■ **DATA EXCERPT**:
*****
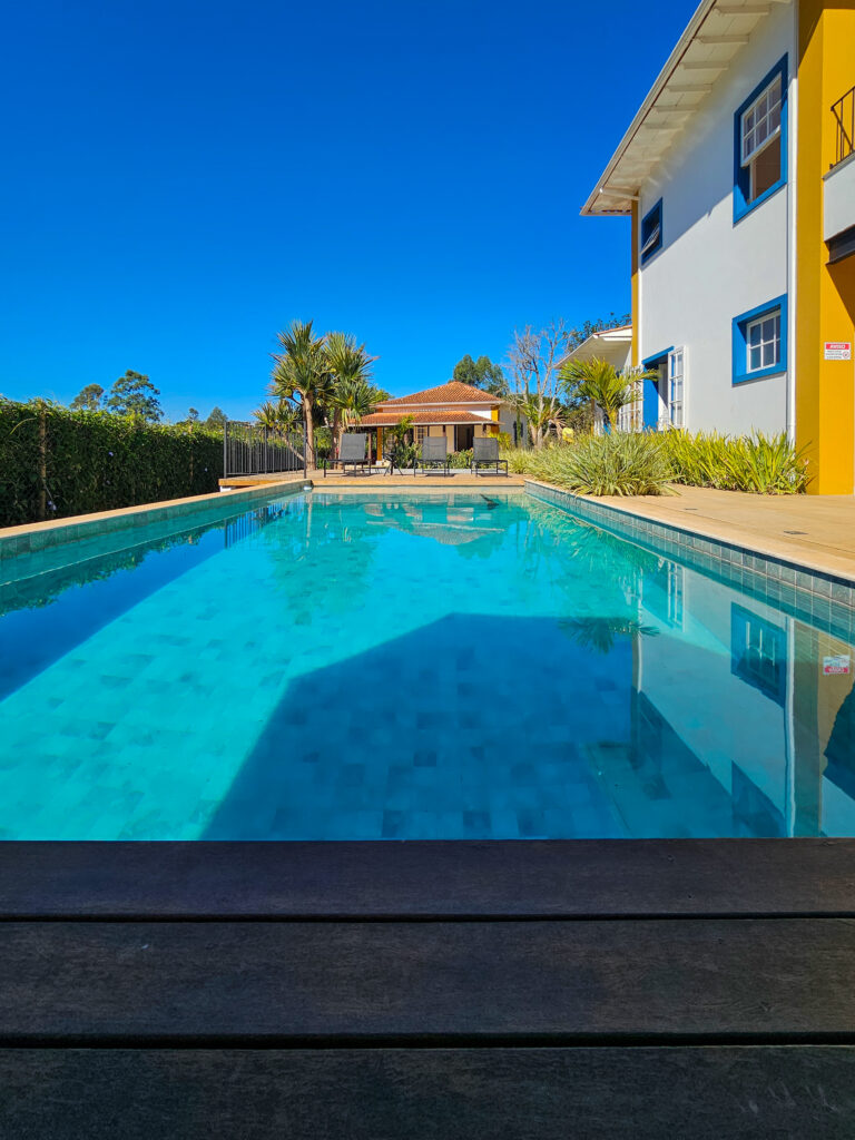 • Área Externa: piscina com vista para a Serra de São José, espreguiçadeiras e espaço relaxante.
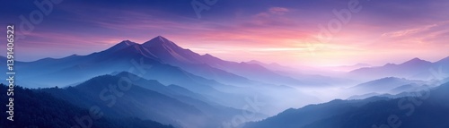 A breathtaking view of layered mountains at dawn, showcasing vibrant colors in the sky, surrounded by misty valleys.
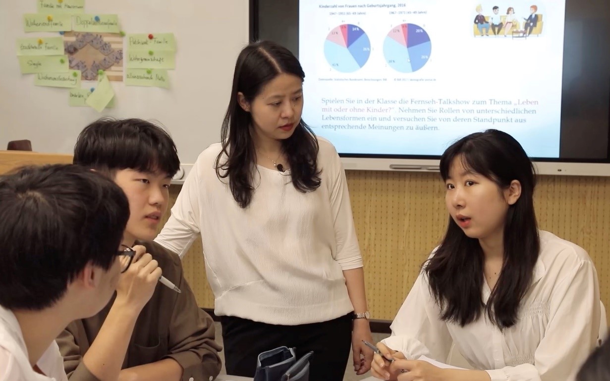 李婧老师常年担任本科一年级德语综合课教师,同时担任本科三年级及研究生语言学专业课教师。在教学工作中,始终坚持育人为本、德育为先的理念,重视以研促教、积极发挥教研相长的作用,在学生培养与教学研究方面均作出突出贡献。最终,李婧副教授成功荣获2021年北京外国语大学校级青年教学名师奖。
*****
Your answer must be the full listing, reproduced word for word, without its pictures.

 • Área Externa: piscina com vista para a Serra de São José, espreguiçadeiras e espaço relaxante.
 A breathtaking view of layered mountains at dawn, showcasing vibrant colors in the sky, surrounded by misty valleys.
 李婧老师常年担任本科一年级德语综合课教师,同时担任本科三年级及研究生语言学专业课教师。在教学工作中,始终坚持育人为本、德育为先的理念,重视以研促教、积极发挥教研相长的作用,在学生培养与教学研究方面均作出突出贡献。最终,李婧副教授成功荣获2021年北京外国语大学校级青年教学名师奖。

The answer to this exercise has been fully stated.